**WHAT IS EXPECTED**
From the line containing "La Planta de Biodiésel en Santa Cruz." to the final line of the entries, every line is to be reproduced exactly; no other line belongs in the output.

Stored items:
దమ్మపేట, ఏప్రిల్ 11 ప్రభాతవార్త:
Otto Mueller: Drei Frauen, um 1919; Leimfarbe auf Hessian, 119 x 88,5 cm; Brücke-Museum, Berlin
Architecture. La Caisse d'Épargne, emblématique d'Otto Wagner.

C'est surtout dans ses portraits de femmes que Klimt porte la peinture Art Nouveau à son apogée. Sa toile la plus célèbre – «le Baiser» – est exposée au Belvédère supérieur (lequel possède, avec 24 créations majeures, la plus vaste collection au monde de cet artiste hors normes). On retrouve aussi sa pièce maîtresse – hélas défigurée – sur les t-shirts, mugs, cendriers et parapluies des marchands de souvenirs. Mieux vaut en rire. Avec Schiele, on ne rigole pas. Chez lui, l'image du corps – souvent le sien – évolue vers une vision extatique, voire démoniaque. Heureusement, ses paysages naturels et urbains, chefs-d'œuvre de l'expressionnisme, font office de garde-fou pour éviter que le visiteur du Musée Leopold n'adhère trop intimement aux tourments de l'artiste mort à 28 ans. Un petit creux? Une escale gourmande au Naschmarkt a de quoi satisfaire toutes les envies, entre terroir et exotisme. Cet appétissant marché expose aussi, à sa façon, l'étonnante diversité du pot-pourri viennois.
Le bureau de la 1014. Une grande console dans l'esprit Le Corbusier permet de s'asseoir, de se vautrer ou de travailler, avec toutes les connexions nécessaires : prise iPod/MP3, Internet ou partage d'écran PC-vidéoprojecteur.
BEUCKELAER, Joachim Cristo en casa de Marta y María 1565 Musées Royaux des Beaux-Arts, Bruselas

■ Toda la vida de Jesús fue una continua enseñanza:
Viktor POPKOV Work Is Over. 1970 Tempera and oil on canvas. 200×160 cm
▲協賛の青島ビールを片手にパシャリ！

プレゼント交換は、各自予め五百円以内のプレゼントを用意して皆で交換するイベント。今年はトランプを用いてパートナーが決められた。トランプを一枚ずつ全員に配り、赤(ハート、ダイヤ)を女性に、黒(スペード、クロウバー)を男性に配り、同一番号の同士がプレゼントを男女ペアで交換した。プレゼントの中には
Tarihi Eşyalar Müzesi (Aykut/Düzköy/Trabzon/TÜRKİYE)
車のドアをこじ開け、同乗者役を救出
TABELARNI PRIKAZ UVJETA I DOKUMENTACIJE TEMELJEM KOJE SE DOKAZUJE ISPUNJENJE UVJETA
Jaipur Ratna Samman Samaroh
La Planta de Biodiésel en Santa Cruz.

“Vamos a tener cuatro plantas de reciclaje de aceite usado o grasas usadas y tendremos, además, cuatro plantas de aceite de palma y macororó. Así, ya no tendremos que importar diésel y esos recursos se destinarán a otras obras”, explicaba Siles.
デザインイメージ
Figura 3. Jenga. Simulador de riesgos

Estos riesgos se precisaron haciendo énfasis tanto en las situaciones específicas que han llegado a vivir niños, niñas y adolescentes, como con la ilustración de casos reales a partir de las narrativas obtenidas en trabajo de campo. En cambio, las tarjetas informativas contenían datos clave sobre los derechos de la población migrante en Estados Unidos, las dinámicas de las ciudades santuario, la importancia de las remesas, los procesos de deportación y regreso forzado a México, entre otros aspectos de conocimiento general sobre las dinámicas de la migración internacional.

**EXERCISE RESPONSE**
La Planta de Biodiésel en Santa Cruz.

“Vamos a tener cuatro plantas de reciclaje de aceite usado o grasas usadas y tendremos, además, cuatro plantas de aceite de palma y macororó. Así, ya no tendremos que importar diésel y esos recursos se destinarán a otras obras”, explicaba Siles.
デザインイメージ
Figura 3. Jenga. Simulador de riesgos

Estos riesgos se precisaron haciendo énfasis tanto en las situaciones específicas que han llegado a vivir niños, niñas y adolescentes, como con la ilustración de casos reales a partir de las narrativas obtenidas en trabajo de campo. En cambio, las tarjetas informativas contenían datos clave sobre los derechos de la población migrante en Estados Unidos, las dinámicas de las ciudades santuario, la importancia de las remesas, los procesos de deportación y regreso forzado a México, entre otros aspectos de conocimiento general sobre las dinámicas de la migración internacional.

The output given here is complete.